Alison: You write about your complex feelings about writing this and writing about your mom in particular, how, you just mentioned, passed away. Would you read that passage for us on page 321?

Viet: Sure. I am ma’s descendant. What does it mean to write my mother’s obituary, my mother’s story, to claim dissent from her, especially since ma would not want me to write about her this way? Not that she ever forbade me. She trusted me, whose books she never read, but was proud of anyway. Since she never consented to the story written in a language she had difficulty reading, am I betraying her? If I do betray her, can I be loyal at the same time? Her life is epic, and yet quotidian, deserving to be told and known according to me, if not her.

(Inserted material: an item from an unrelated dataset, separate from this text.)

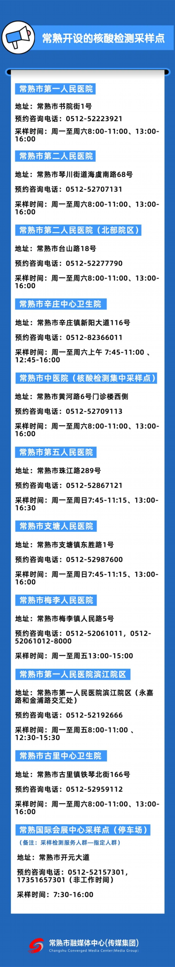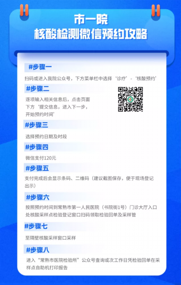 进入“常熟市医学检验所”或“常熟智慧健康”微信公众号查询核酸检测报告

Her story matters because she is ma, but it also carries weight because it resembles those of many other Vietnamese refugees. Heroic as she is to me, perhaps ma is not exceptional to anyone but those who love her, but saying my mother may be more typical than exceptional is no loss. When I hear stories of other refugees and what they survived or not, I am immediately captured by their gravity. Not the same as ma’s, but similar. Not exceptional, but common. Not stereotype, but history. Each one deserving a story, each one with potential to be portrayed and perhaps betrayed.

I wrote about ma because I believe stories matter, but if stories can dismember as much as save, what does my version inflict on her? If I remembered everything about ma and wrote it down, is it betrayal?

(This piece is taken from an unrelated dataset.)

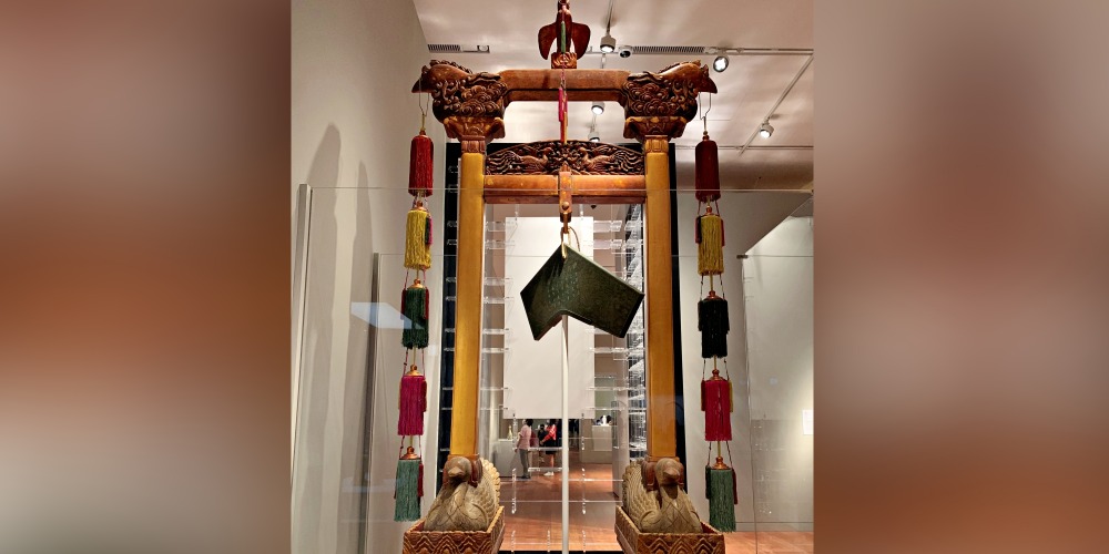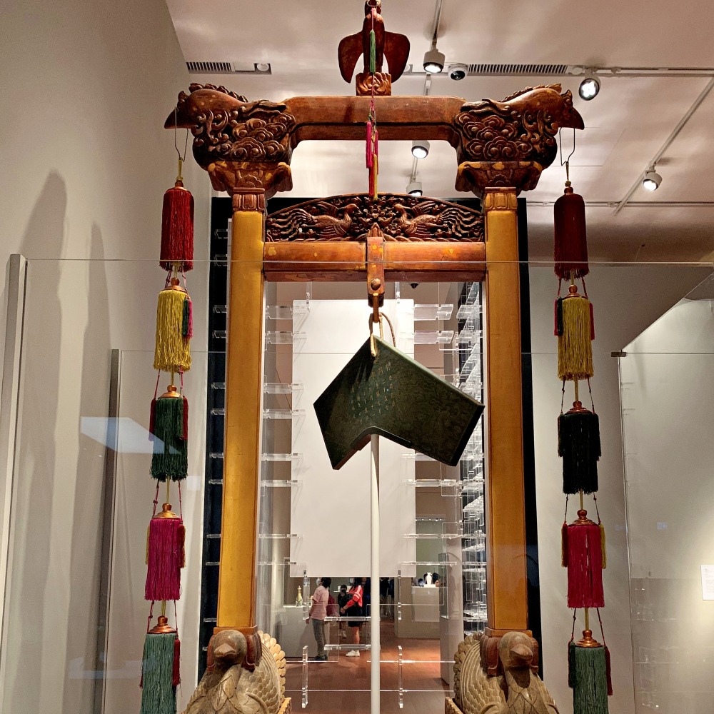 特磬和鎛鐘是儒家禮儀使用的樂器。清代皇帝為鞏固統治,推崇儒學,措施之一便是鑄造特磬和鎛鐘。此磬音律為「黃鐘」,是十二律中第一律,用於農曆十一月舉行的儀式。樂章完結前,會敲擊特磬一次,以示收結。

Alison: That was Viet Thanh Nguyen reading from A Man of Two Faces. Gosh, what did you see as your responsibility to your family, to your family’s memory, to the history of your family, but then also as a writer, as someone who’s putting this out and asking people to read it and spend money on a hardcover book?

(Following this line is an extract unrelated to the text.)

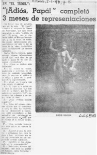 Adiós papá!" completó 3 meses de representaciones. [artículo] El Siglo (diario : Santiago, Chile)-- ene. 5, 1971, p. 15. fot. .

Viet: Right. No, absolutely. I think that the obligation is always to the truth of the experience, but also to the beauty of it. When I look at my mother’s life and the life of my father, and all these Vietnamese refugees, they’ve endured so much. There’s this huge multiplicity of stories, thousands of stories, and I wanted to tell one story, my mother’s, but with a feeling that it also represented so many other Vietnamese refugee experiences as well. That was why I thought it was important, why I thought it was worth risking this act of betrayal and loyalty that this book is at the same time.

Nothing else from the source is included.